--- INPUT FOR THIS TASK ---

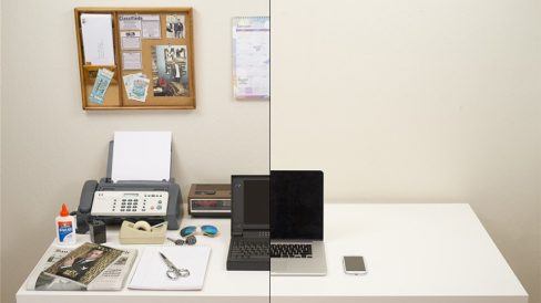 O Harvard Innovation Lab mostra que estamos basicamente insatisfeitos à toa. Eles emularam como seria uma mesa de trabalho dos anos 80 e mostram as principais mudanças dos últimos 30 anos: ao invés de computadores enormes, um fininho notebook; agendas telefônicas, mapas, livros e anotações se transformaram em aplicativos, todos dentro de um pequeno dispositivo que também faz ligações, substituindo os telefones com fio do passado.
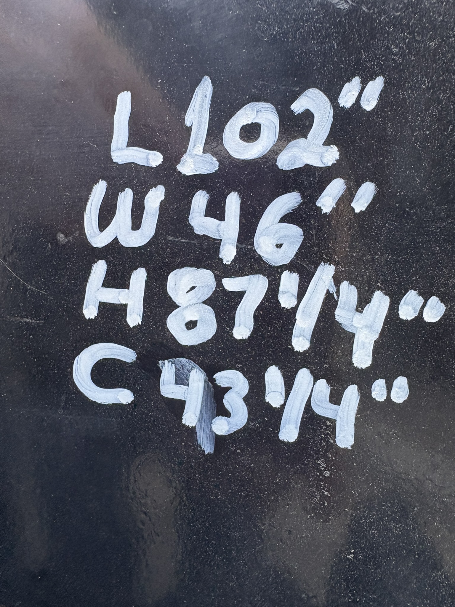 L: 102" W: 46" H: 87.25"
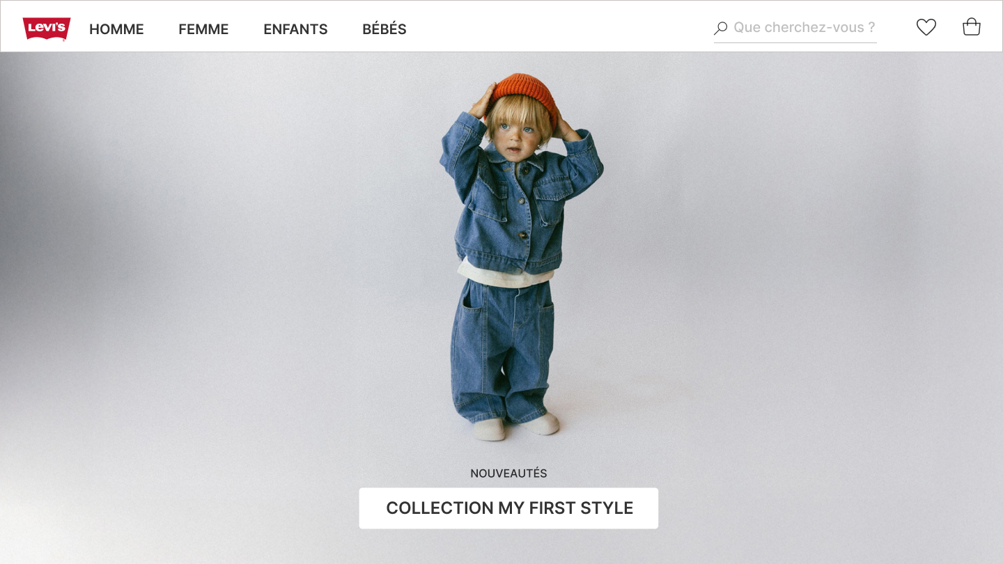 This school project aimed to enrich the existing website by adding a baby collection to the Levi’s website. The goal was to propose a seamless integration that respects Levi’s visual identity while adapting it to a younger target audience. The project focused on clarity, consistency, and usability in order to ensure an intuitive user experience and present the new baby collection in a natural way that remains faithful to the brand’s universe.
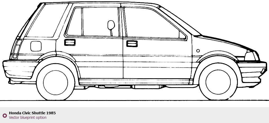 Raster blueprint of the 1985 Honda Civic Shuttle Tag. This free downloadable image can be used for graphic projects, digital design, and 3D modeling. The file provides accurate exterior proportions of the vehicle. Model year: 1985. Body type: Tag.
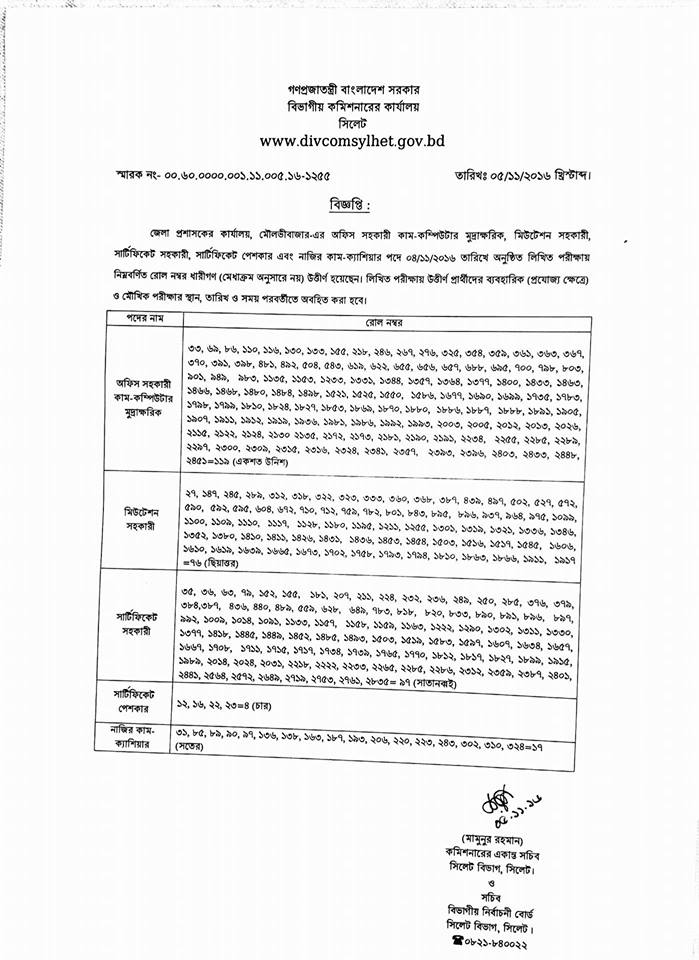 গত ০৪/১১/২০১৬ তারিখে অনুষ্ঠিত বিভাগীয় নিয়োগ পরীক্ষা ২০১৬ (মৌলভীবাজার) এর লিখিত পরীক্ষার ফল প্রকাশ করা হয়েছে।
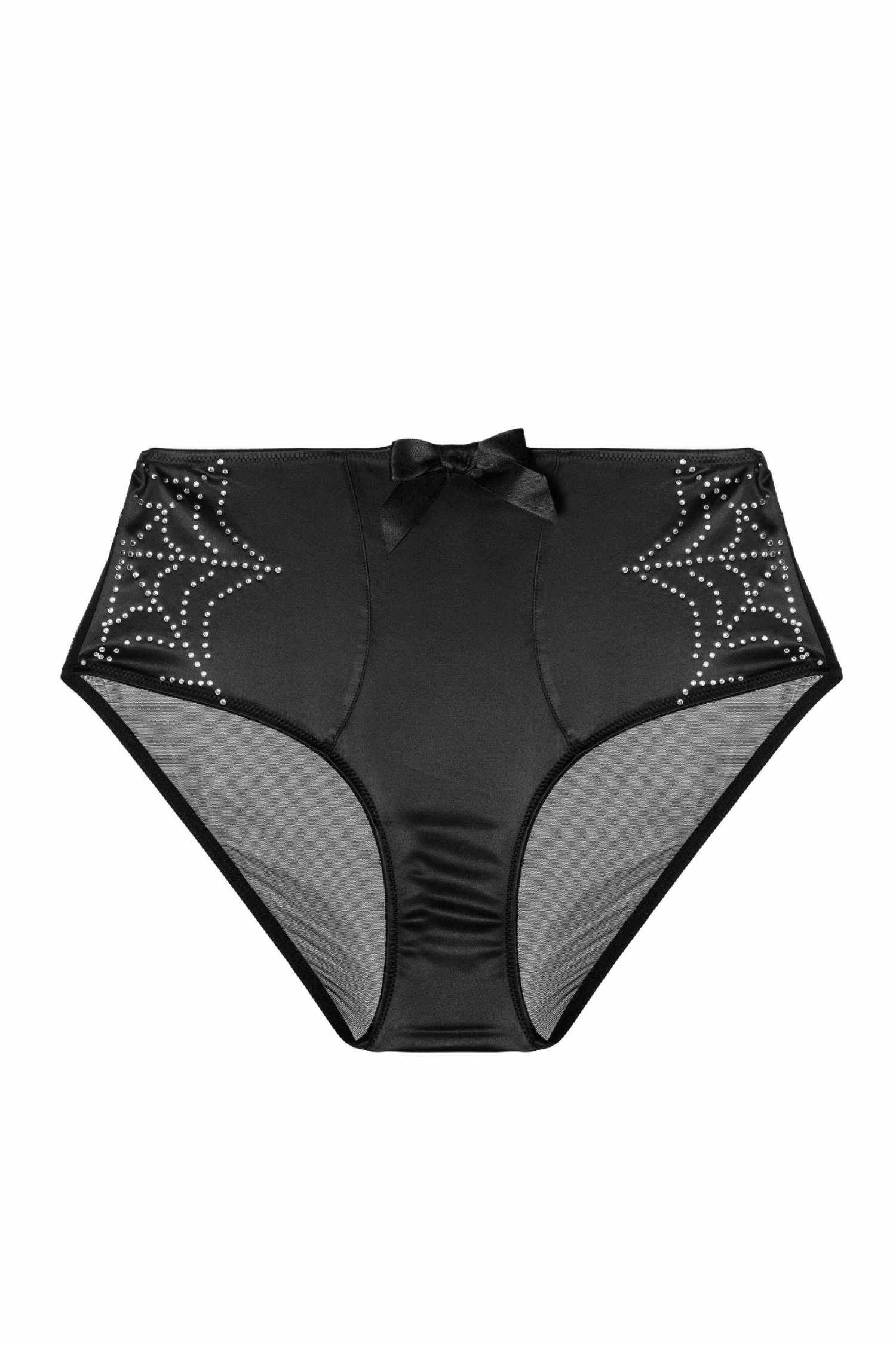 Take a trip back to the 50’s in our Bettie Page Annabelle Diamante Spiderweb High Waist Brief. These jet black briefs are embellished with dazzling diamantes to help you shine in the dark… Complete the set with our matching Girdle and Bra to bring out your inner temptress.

---

* TASK PROMPT:
What is needed is an exact retyping of the lines from the start of the data through the line with "গত ০৪/১১/২০১৬ তারিখে", with both end lines kept and every picture left out.

* OUTPUT FOR THIS TASK:
 O Harvard Innovation Lab mostra que estamos basicamente insatisfeitos à toa. Eles emularam como seria uma mesa de trabalho dos anos 80 e mostram as principais mudanças dos últimos 30 anos: ao invés de computadores enormes, um fininho notebook; agendas telefônicas, mapas, livros e anotações se transformaram em aplicativos, todos dentro de um pequeno dispositivo que também faz ligações, substituindo os telefones com fio do passado.
 L: 102" W: 46" H: 87.25"
 This school project aimed to enrich the existing website by adding a baby collection to the Levi’s website. The goal was to propose a seamless integration that respects Levi’s visual identity while adapting it to a younger target audience. The project focused on clarity, consistency, and usability in order to ensure an intuitive user experience and present the new baby collection in a natural way that remains faithful to the brand’s universe.
 Raster blueprint of the 1985 Honda Civic Shuttle Tag. This free downloadable image can be used for graphic projects, digital design, and 3D modeling. The file provides accurate exterior proportions of the vehicle. Model year: 1985. Body type: Tag.
 গত ০৪/১১/২০১৬ তারিখে অনুষ্ঠিত বিভাগীয় নিয়োগ পরীক্ষা ২০১৬ (মৌলভীবাজার) এর লিখিত পরীক্ষার ফল প্রকাশ করা হয়েছে।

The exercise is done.